:: Dataset content ::

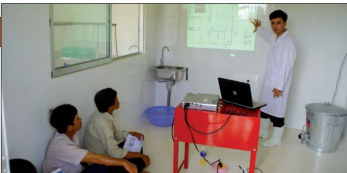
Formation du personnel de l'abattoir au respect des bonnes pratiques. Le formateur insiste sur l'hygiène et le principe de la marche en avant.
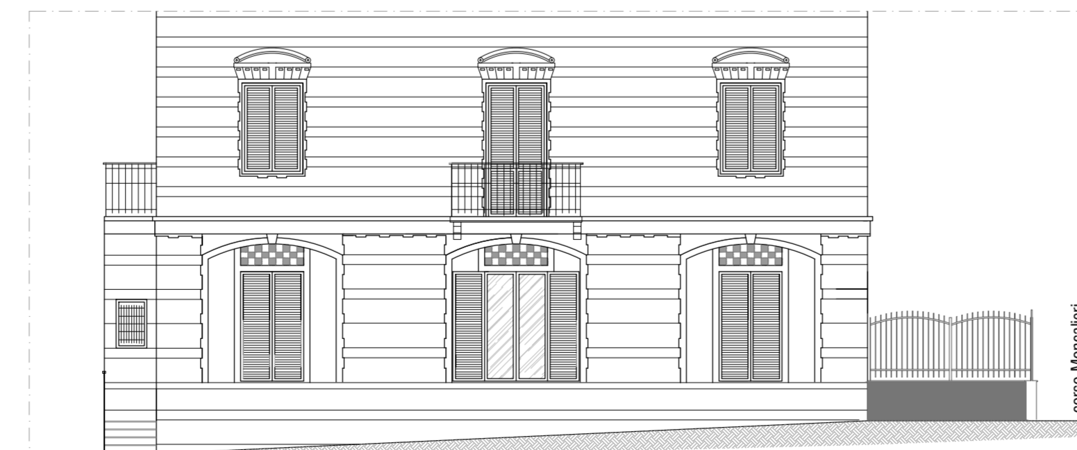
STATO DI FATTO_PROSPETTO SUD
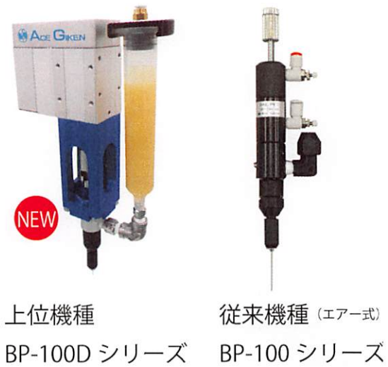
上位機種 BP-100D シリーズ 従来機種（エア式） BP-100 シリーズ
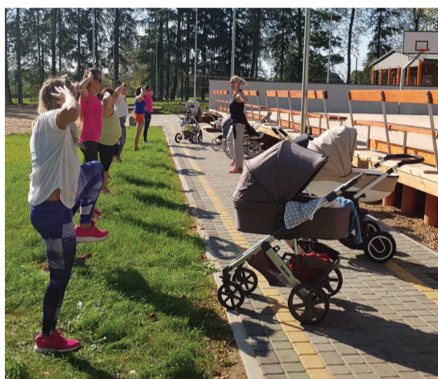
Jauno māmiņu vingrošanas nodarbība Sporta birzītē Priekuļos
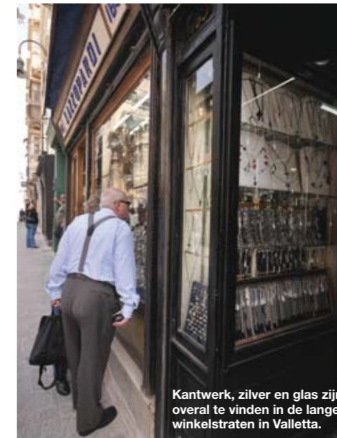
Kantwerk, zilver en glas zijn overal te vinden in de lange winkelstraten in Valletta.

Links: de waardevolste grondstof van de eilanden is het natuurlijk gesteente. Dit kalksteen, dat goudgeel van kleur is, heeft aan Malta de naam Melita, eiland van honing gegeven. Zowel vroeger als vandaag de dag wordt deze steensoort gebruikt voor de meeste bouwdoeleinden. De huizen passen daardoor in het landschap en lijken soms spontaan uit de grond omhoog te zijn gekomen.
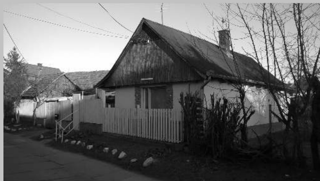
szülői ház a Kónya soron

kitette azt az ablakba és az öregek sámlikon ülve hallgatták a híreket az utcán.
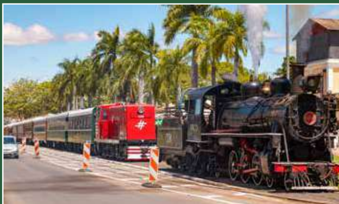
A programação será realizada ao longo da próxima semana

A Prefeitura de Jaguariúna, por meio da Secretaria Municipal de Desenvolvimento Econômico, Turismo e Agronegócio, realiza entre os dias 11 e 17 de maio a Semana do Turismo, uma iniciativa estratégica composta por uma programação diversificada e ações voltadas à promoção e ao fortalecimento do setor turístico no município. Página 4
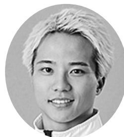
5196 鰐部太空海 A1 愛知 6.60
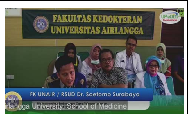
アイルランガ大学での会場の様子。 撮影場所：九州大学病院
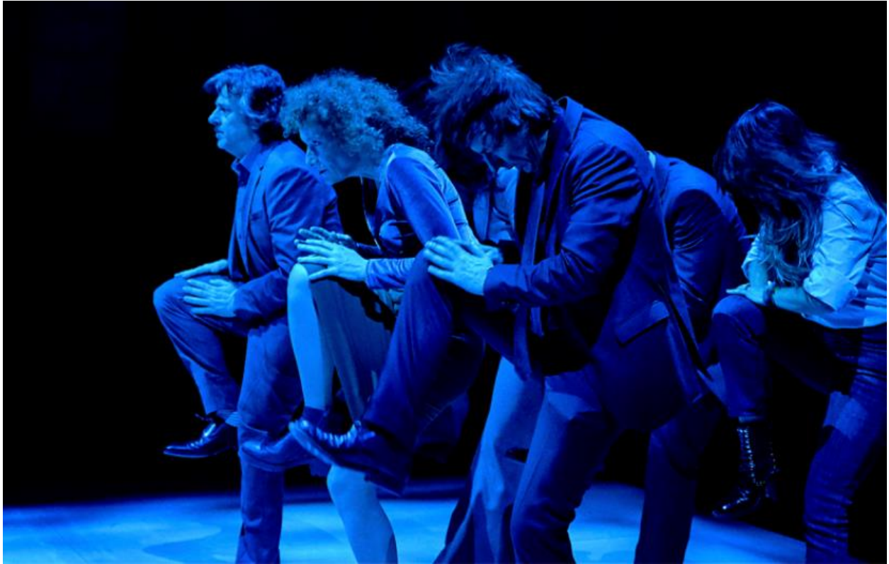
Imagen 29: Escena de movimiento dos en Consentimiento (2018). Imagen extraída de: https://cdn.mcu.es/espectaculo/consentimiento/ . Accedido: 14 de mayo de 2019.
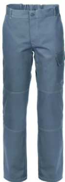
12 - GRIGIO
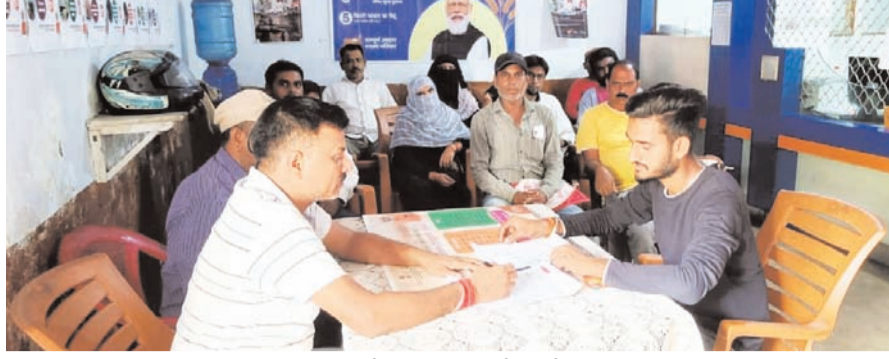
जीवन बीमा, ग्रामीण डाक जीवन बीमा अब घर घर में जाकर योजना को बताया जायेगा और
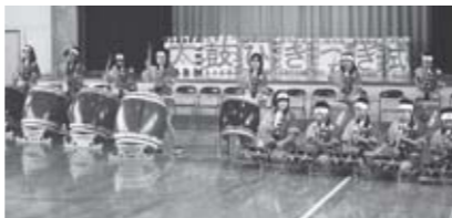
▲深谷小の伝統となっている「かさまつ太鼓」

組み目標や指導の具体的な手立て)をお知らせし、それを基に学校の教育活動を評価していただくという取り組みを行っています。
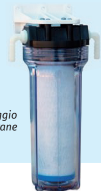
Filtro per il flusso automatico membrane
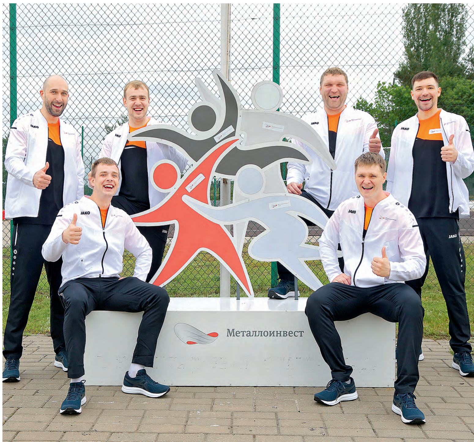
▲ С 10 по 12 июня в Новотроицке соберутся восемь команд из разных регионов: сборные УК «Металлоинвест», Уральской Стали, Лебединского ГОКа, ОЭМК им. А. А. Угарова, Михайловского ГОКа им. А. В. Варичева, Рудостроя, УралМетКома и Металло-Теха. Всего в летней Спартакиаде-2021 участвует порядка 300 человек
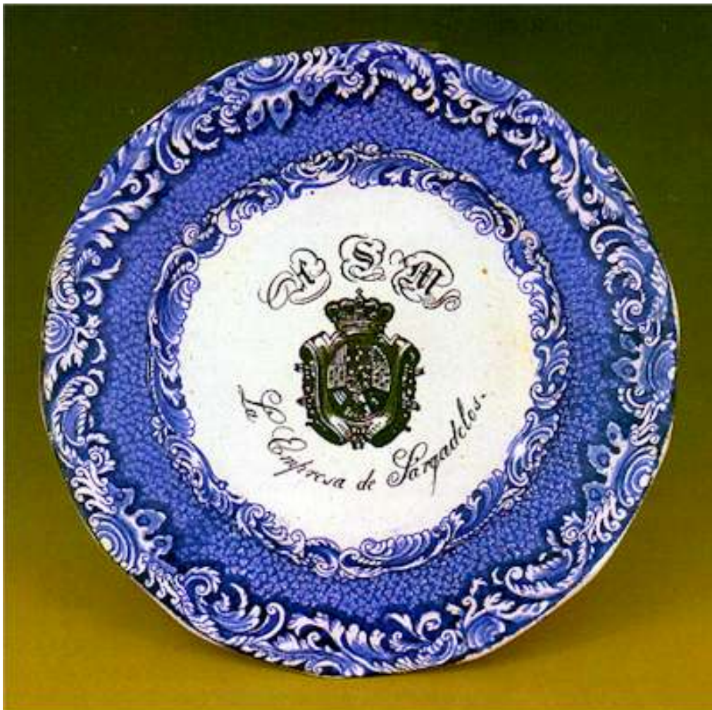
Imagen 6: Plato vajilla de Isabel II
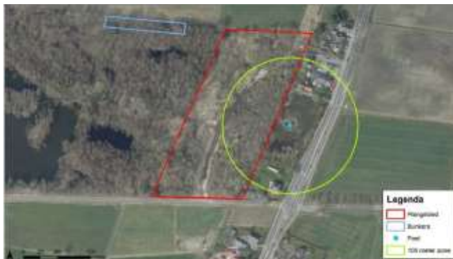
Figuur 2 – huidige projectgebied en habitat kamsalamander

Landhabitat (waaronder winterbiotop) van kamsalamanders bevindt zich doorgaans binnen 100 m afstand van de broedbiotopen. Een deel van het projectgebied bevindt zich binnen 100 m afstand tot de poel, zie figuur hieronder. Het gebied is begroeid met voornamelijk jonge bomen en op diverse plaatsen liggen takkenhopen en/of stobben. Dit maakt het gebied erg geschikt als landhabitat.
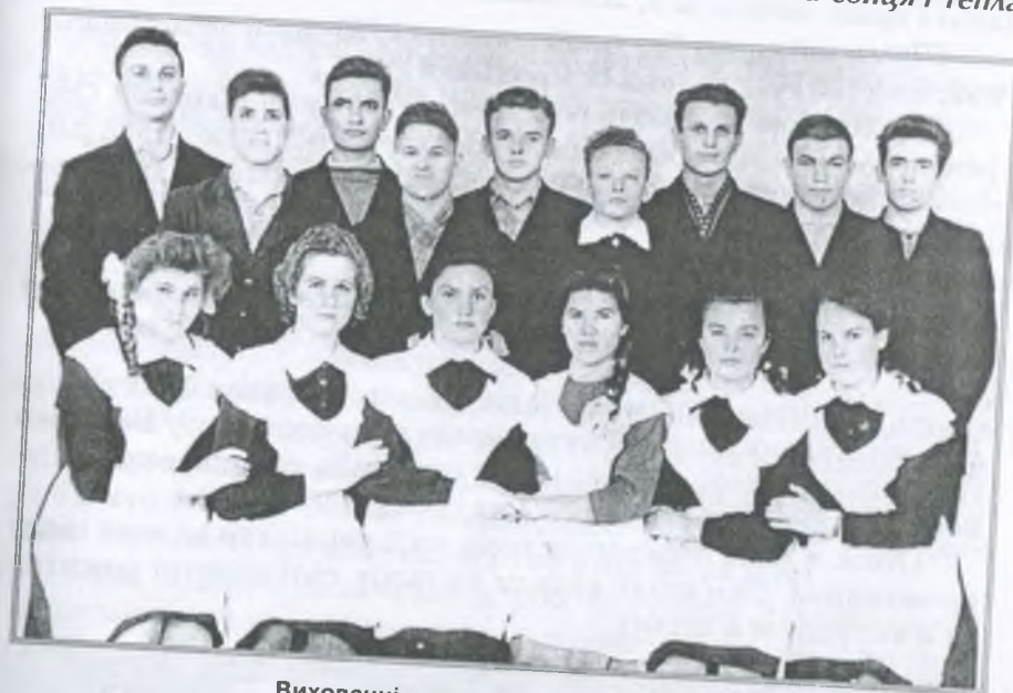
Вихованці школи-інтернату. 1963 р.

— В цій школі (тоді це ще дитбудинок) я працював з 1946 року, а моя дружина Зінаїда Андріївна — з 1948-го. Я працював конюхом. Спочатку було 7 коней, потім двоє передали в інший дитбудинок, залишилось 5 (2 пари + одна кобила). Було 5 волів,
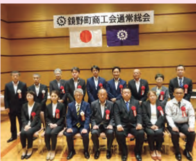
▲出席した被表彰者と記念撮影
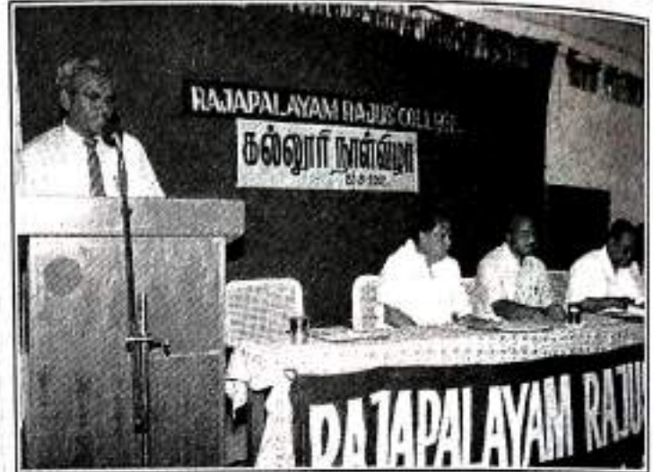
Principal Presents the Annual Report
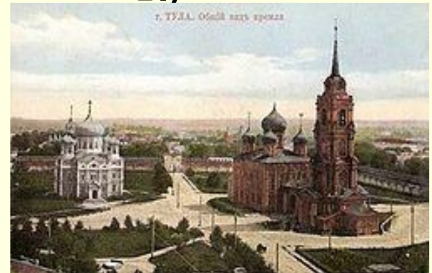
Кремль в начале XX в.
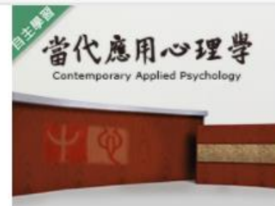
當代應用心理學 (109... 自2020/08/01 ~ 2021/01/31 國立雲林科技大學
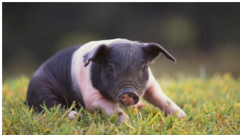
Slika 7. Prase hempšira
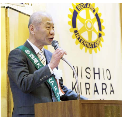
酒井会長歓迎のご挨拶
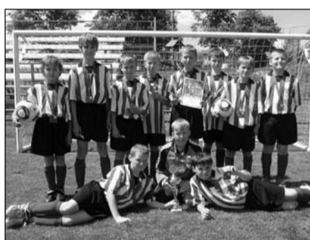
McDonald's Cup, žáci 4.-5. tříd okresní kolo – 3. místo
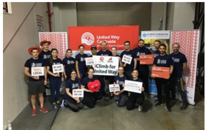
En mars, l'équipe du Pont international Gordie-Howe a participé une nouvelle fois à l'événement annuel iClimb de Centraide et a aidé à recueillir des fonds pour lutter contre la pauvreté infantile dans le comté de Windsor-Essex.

:::

*What to do*
Retype the entries verbatim and drop the pictures.

*Solution to the problem*
Formation du personnel de l'abattoir au respect des bonnes pratiques. Le formateur insiste sur l'hygiène et le principe de la marche en avant.
STATO DI FATTO_PROSPETTO SUD
上位機種 BP-100D シリーズ 従来機種（エア式） BP-100 シリーズ
Jauno māmiņu vingrošanas nodarbība Sporta birzītē Priekuļos
Kantwerk, zilver en glas zijn overal te vinden in de lange winkelstraten in Valletta.

Links: de waardevolste grondstof van de eilanden is het natuurlijk gesteente. Dit kalksteen, dat goudgeel van kleur is, heeft aan Malta de naam Melita, eiland van honing gegeven. Zowel vroeger als vandaag de dag wordt deze steensoort gebruikt voor de meeste bouwdoeleinden. De huizen passen daardoor in het landschap en lijken soms spontaan uit de grond omhoog te zijn gekomen.
szülői ház a Kónya soron

kitette azt az ablakba és az öregek sámlikon ülve hallgatták a híreket az utcán.
A programação será realizada ao longo da próxima semana

A Prefeitura de Jaguariúna, por meio da Secretaria Municipal de Desenvolvimento Econômico, Turismo e Agronegócio, realiza entre os dias 11 e 17 de maio a Semana do Turismo, uma iniciativa estratégica composta por uma programação diversificada e ações voltadas à promoção e ao fortalecimento do setor turístico no município. Página 4
5196 鰐部太空海 A1 愛知 6.60
アイルランガ大学での会場の様子。 撮影場所：九州大学病院
Imagen 29: Escena de movimiento dos en Consentimiento (2018). Imagen extraída de: https://cdn.mcu.es/espectaculo/consentimiento/ . Accedido: 14 de mayo de 2019.
12 - GRIGIO
जीवन बीमा, ग्रामीण डाक जीवन बीमा अब घर घर में जाकर योजना को बताया जायेगा और
▲深谷小の伝統となっている「かさまつ太鼓」

組み目標や指導の具体的な手立て)をお知らせし、それを基に学校の教育活動を評価していただくという取り組みを行っています。
Filtro per il flusso automatico membrane
▲ С 10 по 12 июня в Новотроицке соберутся восемь команд из разных регионов: сборные УК «Металлоинвест», Уральской Стали, Лебединского ГОКа, ОЭМК им. А. А. Угарова, Михайловского ГОКа им. А. В. Варичева, Рудостроя, УралМетКома и Металло-Теха. Всего в летней Спартакиаде-2021 участвует порядка 300 человек
Imagen 6: Plato vajilla de Isabel II
Figuur 2 – huidige projectgebied en habitat kamsalamander

Landhabitat (waaronder winterbiotop) van kamsalamanders bevindt zich doorgaans binnen 100 m afstand van de broedbiotopen. Een deel van het projectgebied bevindt zich binnen 100 m afstand tot de poel, zie figuur hieronder. Het gebied is begroeid met voornamelijk jonge bomen en op diverse plaatsen liggen takkenhopen en/of stobben. Dit maakt het gebied erg geschikt als landhabitat.
Вихованці школи-інтернату. 1963 р.

— В цій школі (тоді це ще дитбудинок) я працював з 1946 року, а моя дружина Зінаїда Андріївна — з 1948-го. Я працював конюхом. Спочатку було 7 коней, потім двоє передали в інший дитбудинок, залишилось 5 (2 пари + одна кобила). Було 5 волів,
▲出席した被表彰者と記念撮影
Principal Presents the Annual Report
Кремль в начале XX в.
當代應用心理學 (109... 自2020/08/01 ~ 2021/01/31 國立雲林科技大學
Slika 7. Prase hempšira
酒井会長歓迎のご挨拶
McDonald's Cup, žáci 4.-5. tříd okresní kolo – 3. místo
En mars, l'équipe du Pont international Gordie-Howe a participé une nouvelle fois à l'événement annuel iClimb de Centraide et a aidé à recueillir des fonds pour lutter contre la pauvreté infantile dans le comté de Windsor-Essex.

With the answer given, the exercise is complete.